This unit develops students’ recognition of pattern (consistency) in equations involving equivalence, addition and multiplication of fractions.

- Describe and represent the addition of fractions with like and unlike denominators.
- Describe and represent why two or more different fractions can represent the same quantity (equivalence).
- Describe and represent how improper fractions can be renamed as mixed numbers (whole number and fraction).
- Find relationships between numerators and denominators when fractions are multiplied.

This unit develops students’ recognition of pattern (consistency) in equations involving equivalence, addition and multiplication of fractions. The patterns of equations show important characteristics of fractions, such as non-unit fractions as iterations of unit fractions, and equivalence as representing fractions of the same value.
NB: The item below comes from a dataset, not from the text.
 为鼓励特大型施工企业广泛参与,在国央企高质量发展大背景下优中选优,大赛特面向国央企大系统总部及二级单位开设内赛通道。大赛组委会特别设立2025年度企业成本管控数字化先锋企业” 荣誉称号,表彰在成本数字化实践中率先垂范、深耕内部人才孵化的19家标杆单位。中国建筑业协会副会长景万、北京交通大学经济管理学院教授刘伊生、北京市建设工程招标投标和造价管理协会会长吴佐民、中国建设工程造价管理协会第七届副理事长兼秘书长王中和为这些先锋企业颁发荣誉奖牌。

Students learn to represent specific examples where the properties are applied then provide convincing arguments about why the properties hold in all circumstances.

An important consequence is that students learn to consider variables as generalised numbers, and express relationships involving fractions, including the significance of considering both numerators and denominators, when adding and multiplying.
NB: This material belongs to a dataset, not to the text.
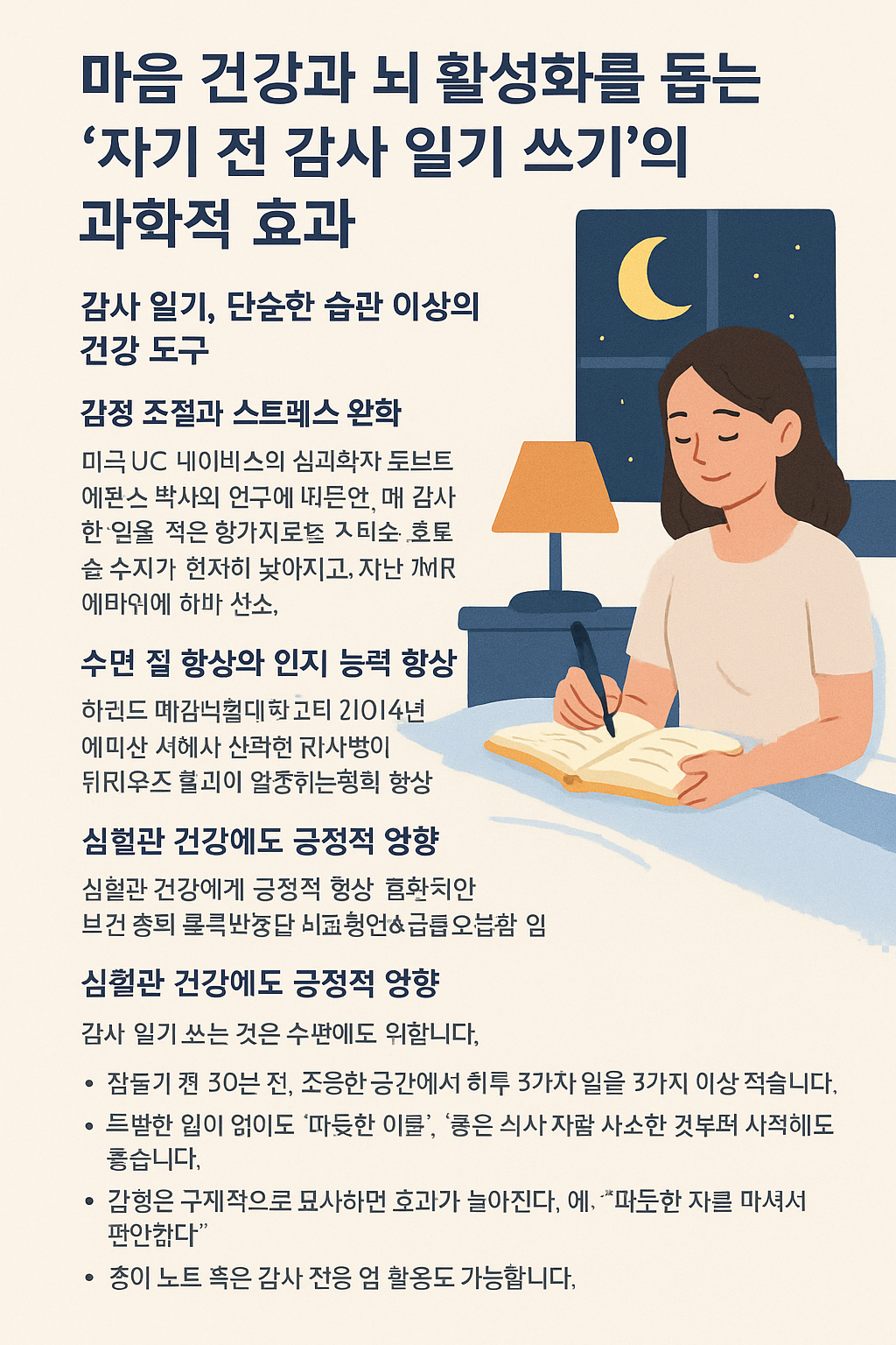 n감사 일기는 마음과 뇌를 건강하게 유지하는 ‘심리적 영양제’입니다. 수면, 인지 기능, 감정 조절, 심장 건강까지 도움을 줄 수 있는 이 간단한 습관을 오늘 밤부터 실천해보세요.반응형

In this unit we build on research by Deborah Shifter, and colleagues, about the development of algebraic thinking. Shifter works for The Educational Development Centre, a non-profit research organisation in USA. Her approach follows several steps that can be linked to ‘folding back’ in the Pirie-Kieren model of conceptual development, that is commonly used in New Zealand classrooms.

The phases of approach are as follows:

In this unit claims are developed through equation sets involving fractions. The sets aim at developing students’ understanding of the structure of non-unit fractions, mixed numbers, and addition and multiplication of fractions.
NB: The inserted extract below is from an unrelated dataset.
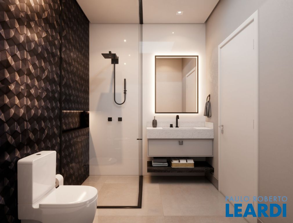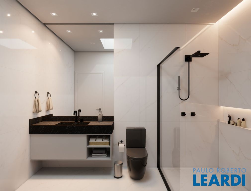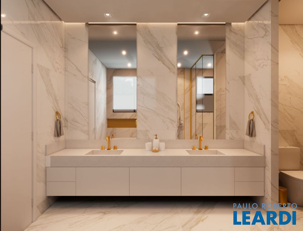 Acabamentos com mármores, porcelanatos Decortiles de grandes dimensões (2,40x1,20), louças e metais Deca

The learning opportunities in this unit can be differentiated by providing or removing support to students and by varying the task requirements. Ways to differentiate include:

- Using physical objects to connect number and operational symbols with actions of quantities. The meaning of the numerator and denominator, the equals sign, and subtraction as difference are important aspects to attend to.
- Explicit modelling of mathematical procedures symbolically, such as subtraction and multiplication of fractions. Link the operations with what occurs with the physical models like strips, areas and sets.
- Encouraging students to work collaboratively in partnerships. Students need time to develop mathematical arguments and to rehearse those arguments with a peer is important for developing clarity and risk taking.
- Allowing access to calculators to confirm answers and shift attention to why the patterns occur.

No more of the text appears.